Material provided –
------
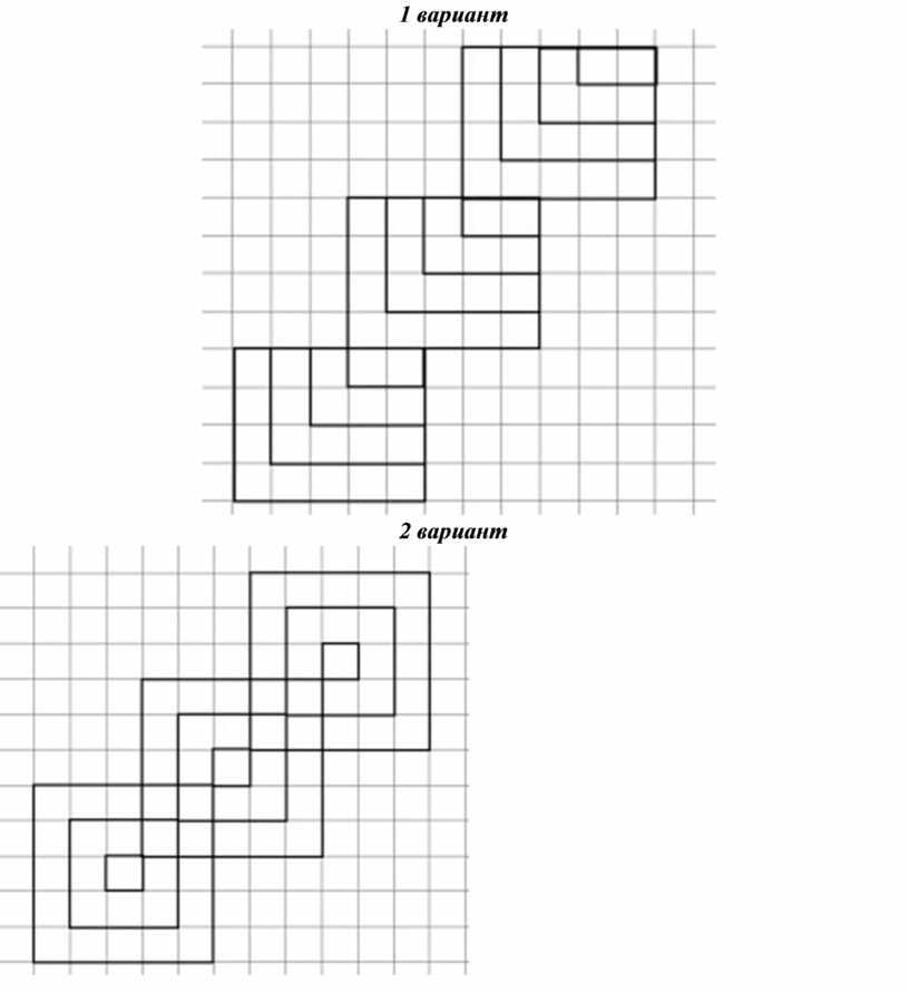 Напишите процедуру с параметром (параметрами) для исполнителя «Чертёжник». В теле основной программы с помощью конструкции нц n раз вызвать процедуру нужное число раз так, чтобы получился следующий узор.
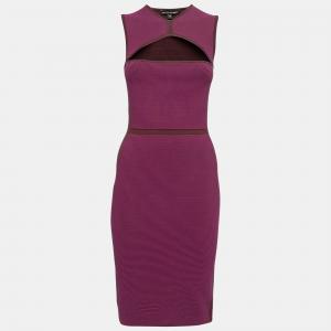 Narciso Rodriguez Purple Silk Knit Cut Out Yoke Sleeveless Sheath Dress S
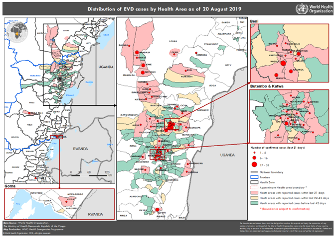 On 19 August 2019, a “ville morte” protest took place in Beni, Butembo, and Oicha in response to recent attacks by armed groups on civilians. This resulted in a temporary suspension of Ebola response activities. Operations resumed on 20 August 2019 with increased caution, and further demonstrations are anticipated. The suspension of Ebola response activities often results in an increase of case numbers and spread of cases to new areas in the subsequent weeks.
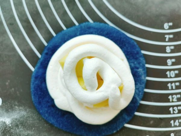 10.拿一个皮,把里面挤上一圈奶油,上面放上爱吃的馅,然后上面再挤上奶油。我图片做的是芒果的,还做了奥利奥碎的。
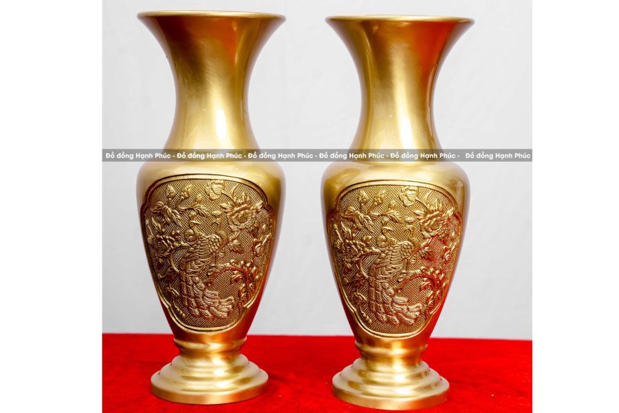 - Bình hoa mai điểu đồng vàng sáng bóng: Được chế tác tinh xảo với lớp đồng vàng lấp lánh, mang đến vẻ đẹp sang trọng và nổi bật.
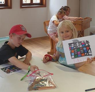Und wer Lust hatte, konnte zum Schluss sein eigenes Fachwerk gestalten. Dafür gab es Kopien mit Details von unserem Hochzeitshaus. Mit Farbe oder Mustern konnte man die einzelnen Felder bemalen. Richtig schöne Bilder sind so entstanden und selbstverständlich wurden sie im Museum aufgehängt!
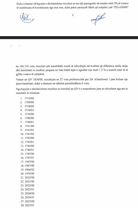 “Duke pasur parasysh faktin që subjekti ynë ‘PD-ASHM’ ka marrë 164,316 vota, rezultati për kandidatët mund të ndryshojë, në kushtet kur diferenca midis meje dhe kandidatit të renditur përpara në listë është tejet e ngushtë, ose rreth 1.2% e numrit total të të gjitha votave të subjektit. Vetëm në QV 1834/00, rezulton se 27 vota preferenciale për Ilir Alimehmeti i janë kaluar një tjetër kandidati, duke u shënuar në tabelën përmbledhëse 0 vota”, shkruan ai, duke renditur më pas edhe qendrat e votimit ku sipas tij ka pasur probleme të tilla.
------
Exercise aim –
Your reply should consist solely of the lines above from the line containing "On 19 August" up to and including the line containing "- Bình hoa mai", reproduced exactly, minus the pictures.

Final answer –
 On 19 August 2019, a “ville morte” protest took place in Beni, Butembo, and Oicha in response to recent attacks by armed groups on civilians. This resulted in a temporary suspension of Ebola response activities. Operations resumed on 20 August 2019 with increased caution, and further demonstrations are anticipated. The suspension of Ebola response activities often results in an increase of case numbers and spread of cases to new areas in the subsequent weeks.
 10.拿一个皮,把里面挤上一圈奶油,上面放上爱吃的馅,然后上面再挤上奶油。我图片做的是芒果的,还做了奥利奥碎的。
 - Bình hoa mai điểu đồng vàng sáng bóng: Được chế tác tinh xảo với lớp đồng vàng lấp lánh, mang đến vẻ đẹp sang trọng và nổi bật.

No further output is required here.